Legislators who think there’s such a thing as too much open government — there isn’t — could turn to an alternative bill that would be better than nothing. It would allow a member of the government board in question to request that an executive session be audiotaped. In any case, the point is: It’s hard to prove something was unlawfully discussed or decided in a closed meeting in the absence of any evidence either way.
Posted by Rhonda Holman

10 Comments

  1. Posted February 6, 2006 at 1:03 am | Permalink

    Makes you wonder if the pay raise for Chris Cherches ever would have been discussed.Ram it down the KLM’s throats!

  2. J M Walker
    Posted February 6, 2006 at 5:03 am | Permalink

    “have a chilling effect on open and frank discussion.”

    Excuse me? Sunshine law anyone? Does Don Moler think he’s George Bush? What next,Don, secret elections?

  3. Jed
    Posted February 6, 2006 at 10:39 am | Permalink

    It won’t do any good as long as 18 minutes can be “accidentally” erased.

  4. Nathan
    Posted February 6, 2006 at 12:31 pm | Permalink

    I have some limited experience in a kind of government posistion.

    I have also dealt with the media in my posisition.

    I have had meetings which were tape recorded and meetings which were not tape recorded.

    I have even had meetings which were secretly tape recorded.

    The reason why tape recording every meeting is a bad idea is that it changes the way you discuss everything.

    Lets face it. Todays media feeds on trying to catch someone saying something stupid, silly, outragous, anything they can get.

    When you know you are being recorded it is basically human nature to purposefully ensure that everything you say is not something that can be used against you. It really hampers the discussion.

    On top of that it also encourages some showboating to glorify yourself of say things to make you look good.

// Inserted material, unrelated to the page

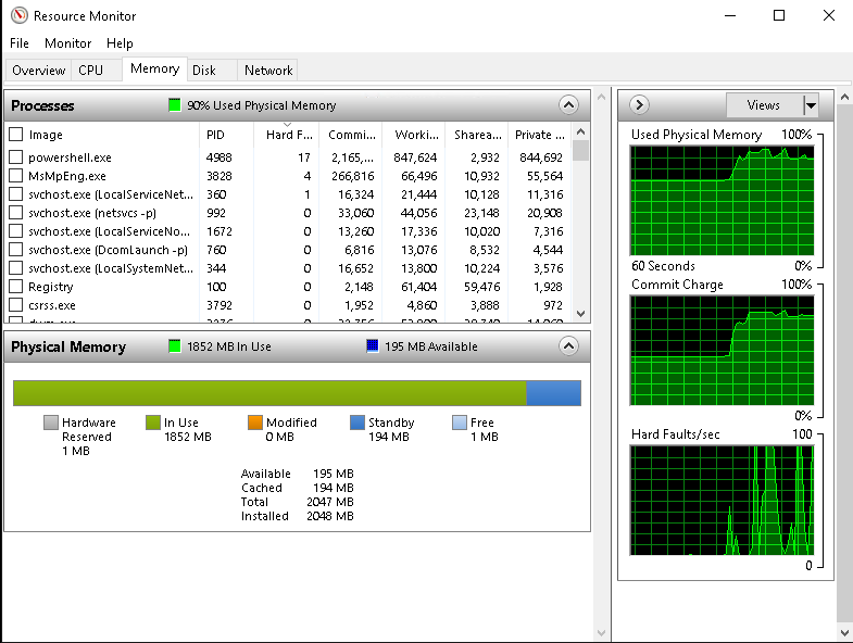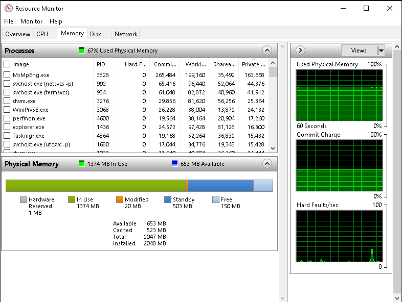 - Диагностика: в Resource Monitor — раздел «Память» (Memory), обратить внимание на «Ошибок страниц/сек (Hard Faults/sec)».

    I will never agree with the medias cry to have access to everything or to have everything tape recorded.

    The truth is that if you tape record all those meetings all it will be is some gotch thing later.

    There is a time and place for public meetings and there is also a time and place where meetings should and need to remain private.

  5. Jed
    Posted February 6, 2006 at 1:29 pm | Permalink

    Well Nathan,If taping inhibits people from saying stupid things, why not tape every public official all the time?

  6. Nathan
    Posted February 6, 2006 at 1:58 pm | Permalink

    It is not about saying stupid things. It is about being comfortable discussing the actual topic instead of worrying about how your words can be twisted against you.

  7. Jed
    Posted February 6, 2006 at 2:09 pm | Permalink

    Public officials are employees of the public. Doesn’t the public have the right to know how it’s employees arrive at decisions that affect it? What would a private employer do with workers who refused to disclose what they did on his time?

  8. Nathan
    Posted February 6, 2006 at 2:16 pm | Permalink

    Public representatives are not emplyees they are represntatives.

    Completely different system.

    I don’t think the public has a right to know everything about how representatives come up with their decisions.

    I don’t know many private employers if any at all that tape record the meetings of their employees or require it.

    It is not about disclosing what they do on company time, of course they do that. That is not the topic. The topic is tape recording meetings.

  9. Rage
    Posted February 7, 2006 at 12:23 pm | Permalink

    Ah, here we have the source of many disagreements. Nathan, they are public employees. They all work for us–including the president.

  10. Nathan
    Posted February 7, 2006 at 1:02 pm | Permalink

    The only comparison to being an employee I can think of is that in a sense they are hired and fired by the people that elect them.

    Other than that the similarities stop.

    Even if we do go with the employee comparison, I still have yet to see any boss tape record every meeting his employees have.